Near Ground Zero, one cannot help but notice the collection of buildings that comprise the World Financial Center. Located directly across the street from the original World Trade Center complex, these structures rose a few years later on landfill that was created with the excavation of the Twin Towers.
World Financial Center, New York City
The original plan called for creating a late twentieth-century version of Rockefeller Center, a new community that would be self-sustaining with its own schools, shops and restaurants. It would also provide new housing for those that would soon be working in the new towers, and it would open up a magnificent riverside promenade that would take advantage of the stunning sunsets and bring much-needed nightlife to an area that previously closed down after sundown.

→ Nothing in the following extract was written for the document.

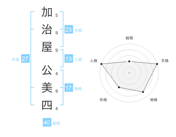 加治屋 公美四さんの天格は23画の5点!

Designed in 1985 by architect Cesar Pelli and completed in 1988, the towers that make up the Center are excellent examples of Post-modernist architecture in that they combine new ideas with traditional forms. The four towers, ranging from 33 to 54 stories, provide eight-million square feet of office, retail and public space on fourteen acres of land in the center of Battery Park City. Four stocky, polished granite-and-glass towers are topped with geometrically shaped crowns, each one identifying their owners: a dome for Merrill Lynch, a solid pyramid for American Express, a cut pyramid (or mastaba) for Dow Jones and Oppenheimer and a solid pyramid for #3 World Financial Center.
The luxurious lobbies feature polychromatic marble and shiny black columns. The soaring Winter Garden (120 feet high) is a glass-enclosed greenhouse pavilion that is comprised of 2,000 panes of glass, sixteen 40-foot tall Washington palm trees and 60,000 square feet of tricolor Italian marble. Free music, dance and theatrical recitals are frequently held here. A glass wall on the west side, which formerly served as a major entryway for the World Trade Center, now offers a sobering view of Ground Zero.
Approximately 35 specialty shops and restaurants overlook an outdoor waterfront plaza with spectacular views of New York’s Hudson River. The guardrail along the marina¹s edge features the words of Walt Whitman and Thomas O’Hara.
Having sustained major damage after the attacks of September 11, the World Financial Center is finally back to full operation.